*WHAT YOU ARE ASKED TO DO:*
Any pictures in the records below must be left out when you repeat the lines from the line containing "4. To Annotate" through the line containing "Y2K Southpole Men's" exactly.

*DATASET:*
BEGIN
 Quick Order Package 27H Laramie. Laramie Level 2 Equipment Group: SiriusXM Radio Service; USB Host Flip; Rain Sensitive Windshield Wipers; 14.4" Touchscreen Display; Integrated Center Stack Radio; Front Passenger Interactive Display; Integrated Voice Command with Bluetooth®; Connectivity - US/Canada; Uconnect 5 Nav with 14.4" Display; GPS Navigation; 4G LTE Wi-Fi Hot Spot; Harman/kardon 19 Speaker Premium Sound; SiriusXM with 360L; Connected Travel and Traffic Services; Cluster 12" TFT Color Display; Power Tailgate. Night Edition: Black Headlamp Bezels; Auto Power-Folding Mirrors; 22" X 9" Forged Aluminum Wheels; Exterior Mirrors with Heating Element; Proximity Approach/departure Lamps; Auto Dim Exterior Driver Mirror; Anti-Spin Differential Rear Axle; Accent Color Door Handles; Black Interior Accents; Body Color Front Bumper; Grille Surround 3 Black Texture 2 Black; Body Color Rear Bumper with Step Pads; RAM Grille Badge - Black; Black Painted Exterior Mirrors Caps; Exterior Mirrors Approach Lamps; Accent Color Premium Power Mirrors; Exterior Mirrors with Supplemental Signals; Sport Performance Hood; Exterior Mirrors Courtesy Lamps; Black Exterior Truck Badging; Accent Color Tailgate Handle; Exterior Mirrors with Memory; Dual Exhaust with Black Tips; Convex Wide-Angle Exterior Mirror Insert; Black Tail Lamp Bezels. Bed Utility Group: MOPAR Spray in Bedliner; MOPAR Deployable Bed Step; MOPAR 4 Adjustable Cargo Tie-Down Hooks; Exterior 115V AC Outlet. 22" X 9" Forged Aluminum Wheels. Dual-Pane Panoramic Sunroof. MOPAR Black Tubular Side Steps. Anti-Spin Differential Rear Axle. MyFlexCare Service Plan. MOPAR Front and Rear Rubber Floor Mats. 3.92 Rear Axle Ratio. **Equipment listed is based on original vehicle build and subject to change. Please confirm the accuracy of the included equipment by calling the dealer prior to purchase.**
END
BEGIN
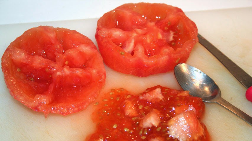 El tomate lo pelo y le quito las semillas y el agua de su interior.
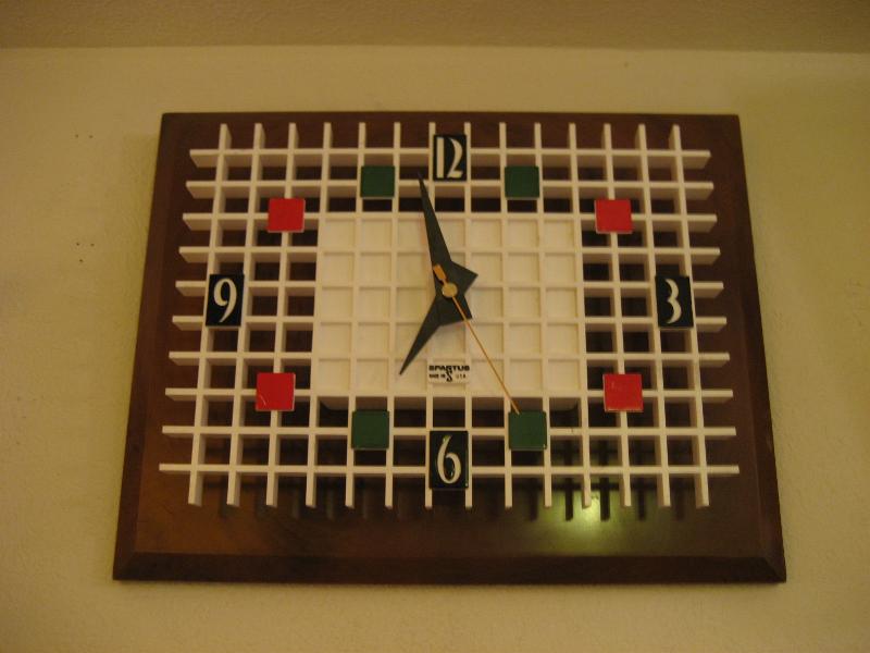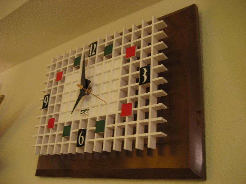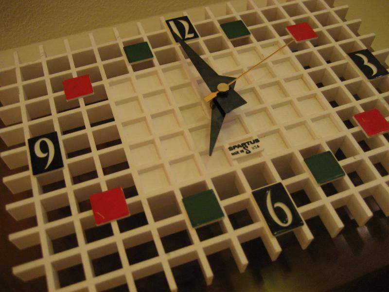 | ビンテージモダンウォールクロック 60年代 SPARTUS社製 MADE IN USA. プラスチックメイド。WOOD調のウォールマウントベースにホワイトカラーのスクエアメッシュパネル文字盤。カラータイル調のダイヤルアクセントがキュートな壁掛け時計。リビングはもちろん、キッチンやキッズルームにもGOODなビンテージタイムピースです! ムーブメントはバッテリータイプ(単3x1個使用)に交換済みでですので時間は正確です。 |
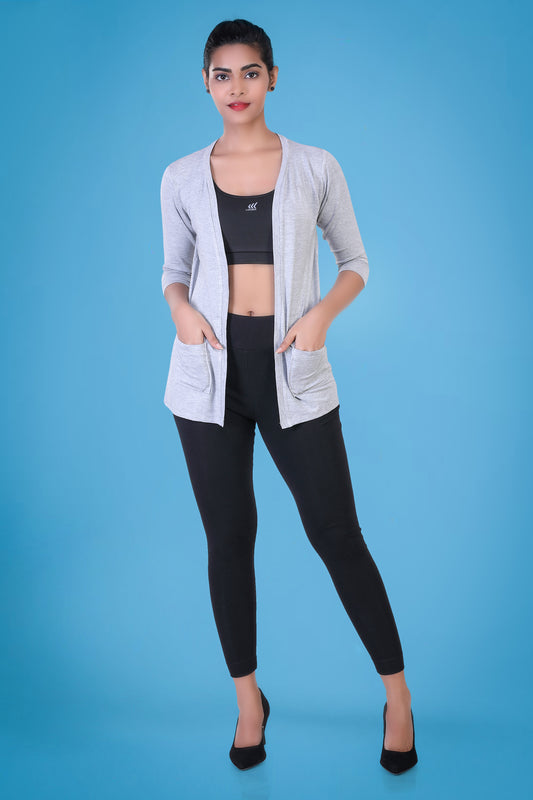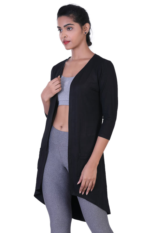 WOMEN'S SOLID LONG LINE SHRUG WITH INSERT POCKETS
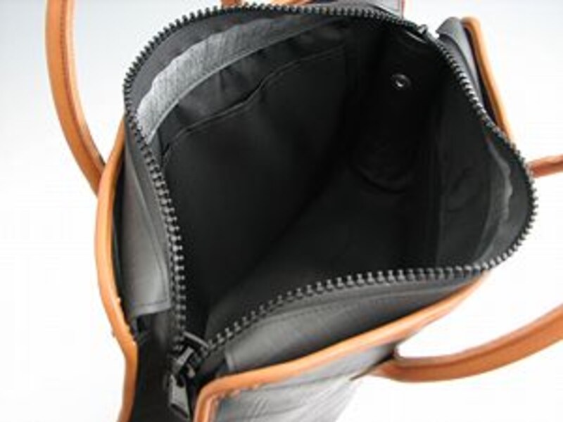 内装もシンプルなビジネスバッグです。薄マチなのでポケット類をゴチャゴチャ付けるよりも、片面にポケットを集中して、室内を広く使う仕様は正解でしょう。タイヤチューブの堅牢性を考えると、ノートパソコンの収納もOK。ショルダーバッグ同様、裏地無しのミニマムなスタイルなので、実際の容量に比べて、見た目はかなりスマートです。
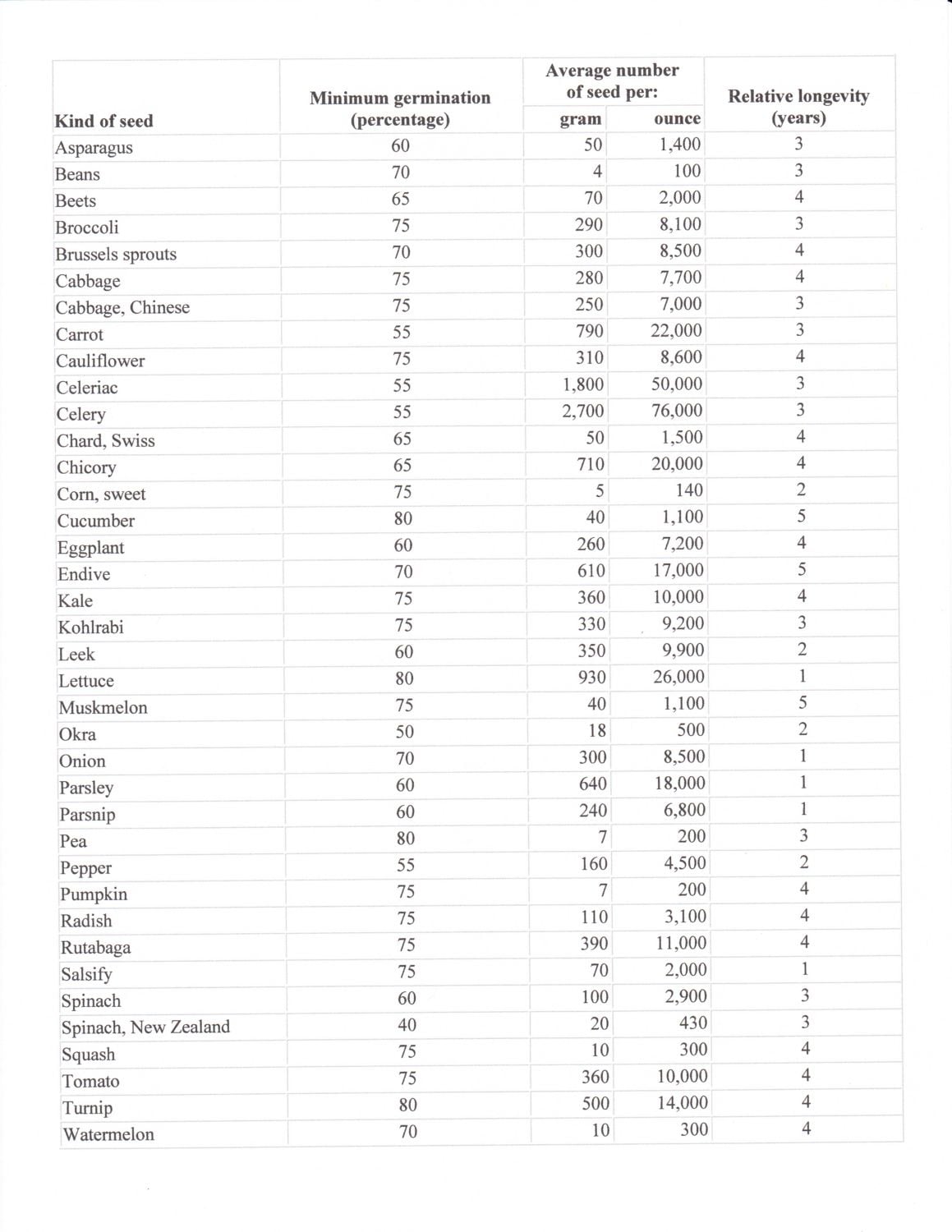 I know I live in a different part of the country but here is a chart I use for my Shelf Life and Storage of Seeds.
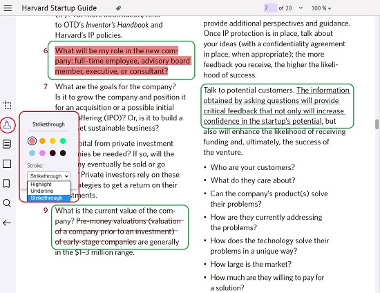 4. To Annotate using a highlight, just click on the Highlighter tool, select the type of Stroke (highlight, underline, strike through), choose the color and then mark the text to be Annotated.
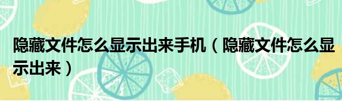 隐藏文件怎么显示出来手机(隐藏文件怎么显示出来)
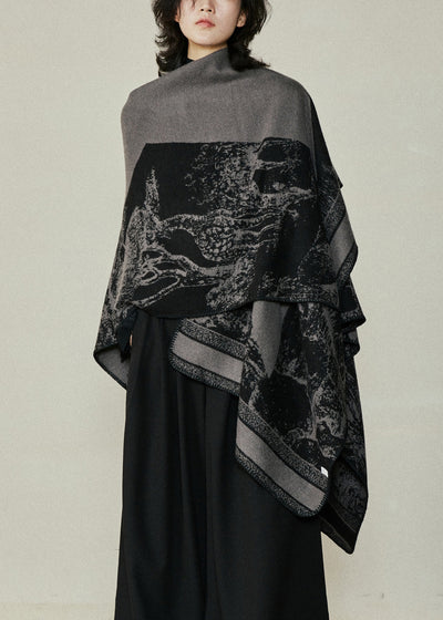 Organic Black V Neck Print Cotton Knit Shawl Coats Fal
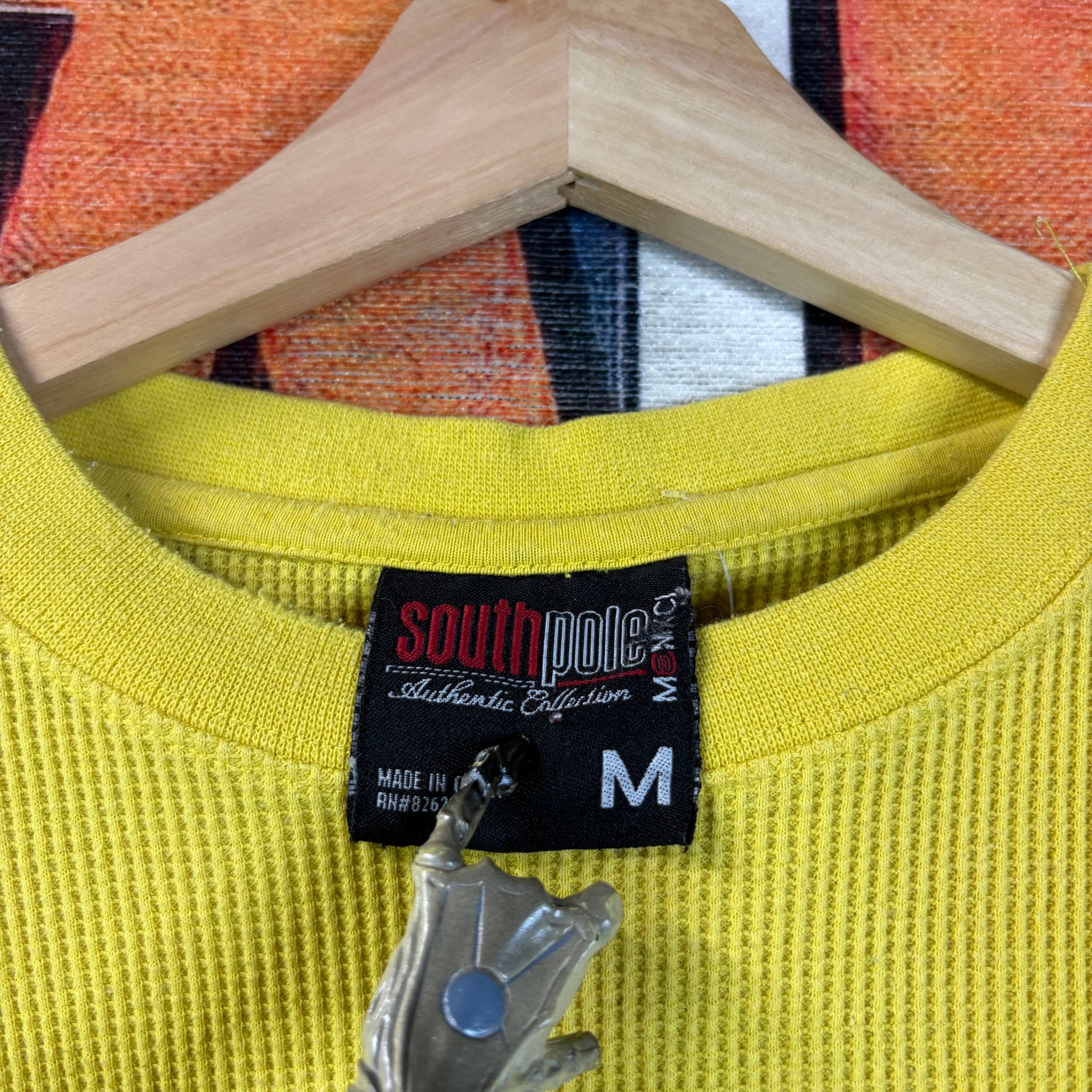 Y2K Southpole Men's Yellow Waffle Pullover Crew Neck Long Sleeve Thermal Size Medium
END
*FINAL ANSWER:*
 4. To Annotate using a highlight, just click on the Highlighter tool, select the type of Stroke (highlight, underline, strike through), choose the color and then mark the text to be Annotated.
 隐藏文件怎么显示出来手机(隐藏文件怎么显示出来)
 Organic Black V Neck Print Cotton Knit Shawl Coats Fal
 Y2K Southpole Men's Yellow Waffle Pullover Crew Neck Long Sleeve Thermal Size Medium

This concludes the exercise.